I was surprised that non-English S.F. was, IIRC, completely not discussed. India and China represent a third of the world's population, but the self-appointed centers of fandom have little or no representation in those markets. So briefly, I think fandom has won by winning, and spread some of its cultural memes, which is really all you can ask for from your social movement. Battlestar Galactica version two lasted four seasons; everyone knows spaceships are cool; Lost and Heroes are network anchors. We won. Enjoy the Heinlein by way of Japan.

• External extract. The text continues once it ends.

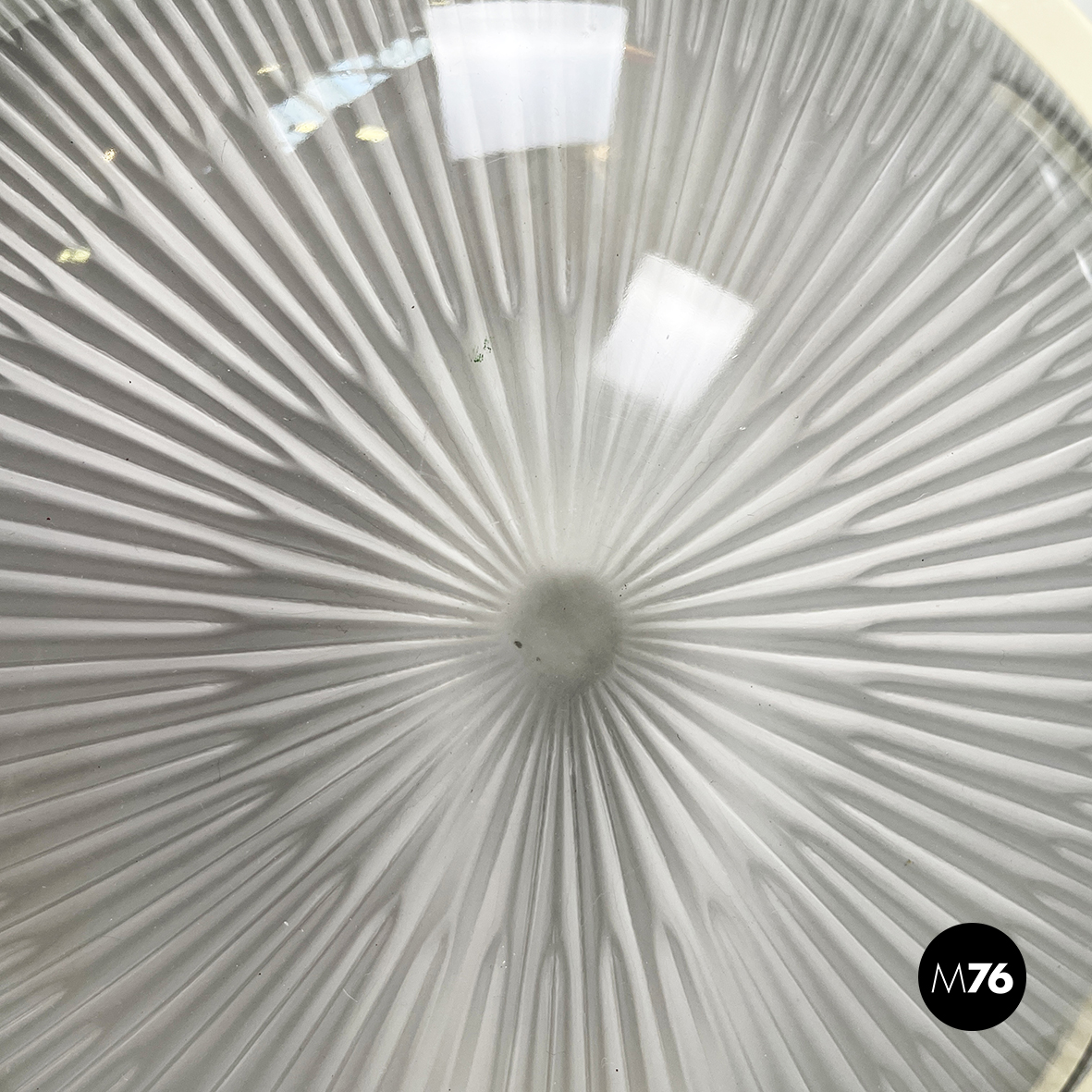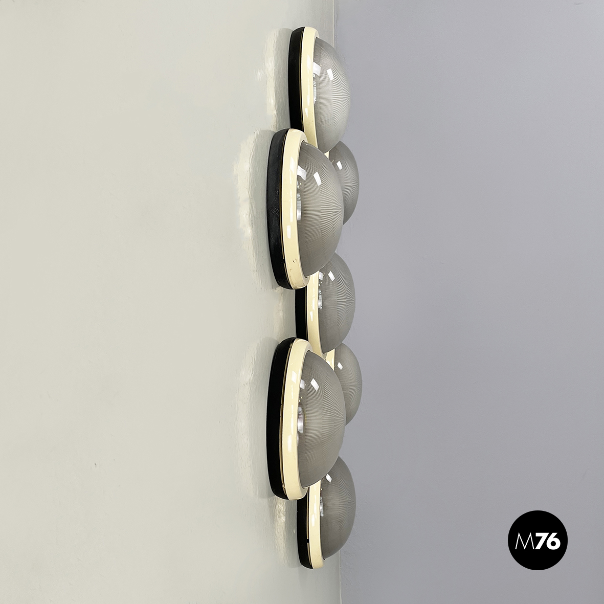 Set di sette applique o lampade da parete con diffusore a semisfera in vetro stampato. La struttura a base tonda è in plastica beige con finitura lucida e nera con finitura opaca. Utilizzabili come lampade da soffitto o plafoniere.
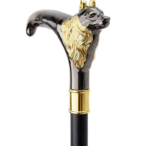 Collectible Wolf-Head With Gold Pattern Wallking Stick For Men And Women

The award presentation ceremony was brief, and featured cake. I wish I could say nice things about the winning story, Greg Siewert's "The Absence of Stars: Part One", but I didn't make it past the first paragraph. It begins: A hand gripped commander Trevor Kimberly's shoulder and shook him violently awake. "Pluto is gone." I went to the "Nine Billion Names of God" place, with bonus WIP dread, and unfortunately couldn't bring myself to finish it. After the announcement, I read the end of the story, and I think part 2 would be more interesting than part 1, but I may be projecting my starry visions of Humans Later Vs Humans of the 20th Century culture clash onto a blank canvas.
In conclusion, a weekend made awesome by people. Go people.